For State of affairs 3, you should utilize a JDBC connection or database IDE to connect with your RDS database and question the info that you just simply ingested.
Clear up
AWS Glue Python shell is a serverless routine that received’t incur in any additional fees when it isn’t working. Nevertheless, this demo used a number of providers that can incur in additional prices. Clear up after finishing this walkthrough with the next steps:
- Take away the contents of your S3 bucket and delete it. For those who encounter any errors, consult with Why can’t I delete my S3 bucket utilizing the Amazon S3 console or AWS CLI, even with full or root permissions.

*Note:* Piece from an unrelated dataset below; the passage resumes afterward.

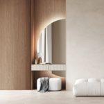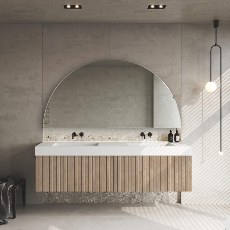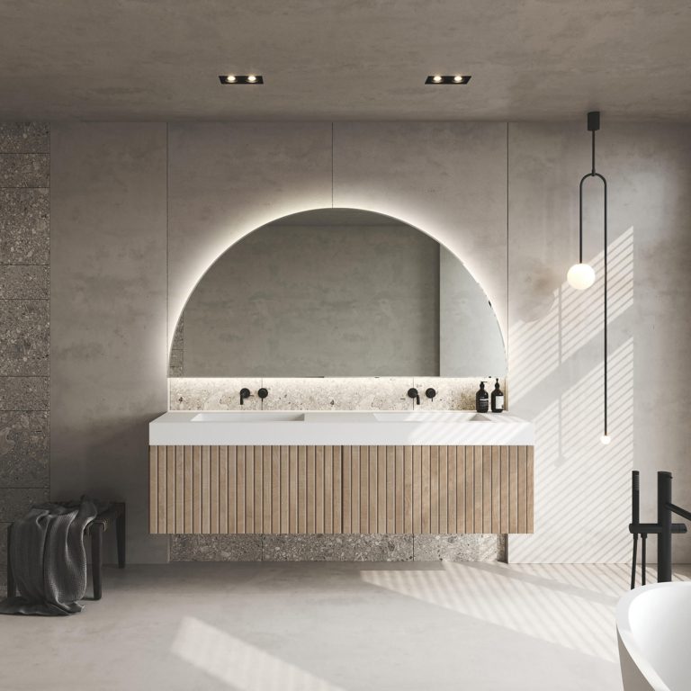 Wodoodporne lustro w półokrągłym kształcie Dimidium pozbawione jest klasycznej ramy, co jeszcze bardziej podkreśla jego nowoczesny charakter. Prezentowane zwierciadło ścienne dostępne jest w naszym sklepie online w wielu rozmiarach do wyboru, dlatego z łatwością dopasujesz je do swojego wnętrza. Ponadto możesz zdecydować się także na wariant wyposażony w podświetlenie ledowe, które ułatwi Ci wykonywanie codziennej pielęgnacji. Eleganckie lustro Dimidium w nowoczesnym stylu może stać się również ciekawym urozmaiceniem Twojej sypialni, salonu lub garderoby.

- Cease and delete the RDS DB occasion. For directions, see Deleting a DB occasion.
- Cease and delete the Amazon Redshift cluster. For directions, consult with Deleting a cluster.
Conclusion
On this put up, we launched AWS Glue Python shell with Python 3.9 help and extra pre-loaded libraries. We introduced the customizable Python shell surroundings with pre-loaded libraries and PIP help to put in different native or customized Python libraries. We lined the brand new options and get began by way of AWS Glue Studio and the AWS CLI. We additionally demonstrated a step-by-step tutorial of how one can simply use these new capabilities to perform frequent ETL use circumstances.
To be taught extra about AWS Glue Python shell and this new characteristic, consult with Python shell jobs in AWS Glue.
In regards to the authors
Alunnata Mulyadi is an Analytics Specialist Options Architect at AWS. Alun has over a decade of expertise in information engineering, serving to prospects deal with their enterprise and technical wants. Exterior of the work, he enjoys pictures, biking, and basketball.
Quim Bellmunt is an Analytics Specialist Options Architect at Amazon Net Companies. Quim has a PhD in Pc Science and Information Graph specializing in information modeling and transformation. With over 6 years of hands-on expertise within the analytics and AI/ML house, he enjoys serving to prospects create techniques that scale with their enterprise wants and generate worth from their information. Exterior of the work, he enjoys strolling together with his canine and biking.
Kush Rustagi is a Software program Improvement Engineer on the AWS Glue group with over 4 years of expertise within the trade having labored on large-scale monetary techniques in Python and C++, and is now utilizing his scalable system design expertise in direction of cloud improvement. Earlier than engaged on Glue Python Shell, Kush labored on anomaly detection challenges within the fin-tech house. Other than exploring new applied sciences, he enjoys EDM, touring, and studying non-programming languages.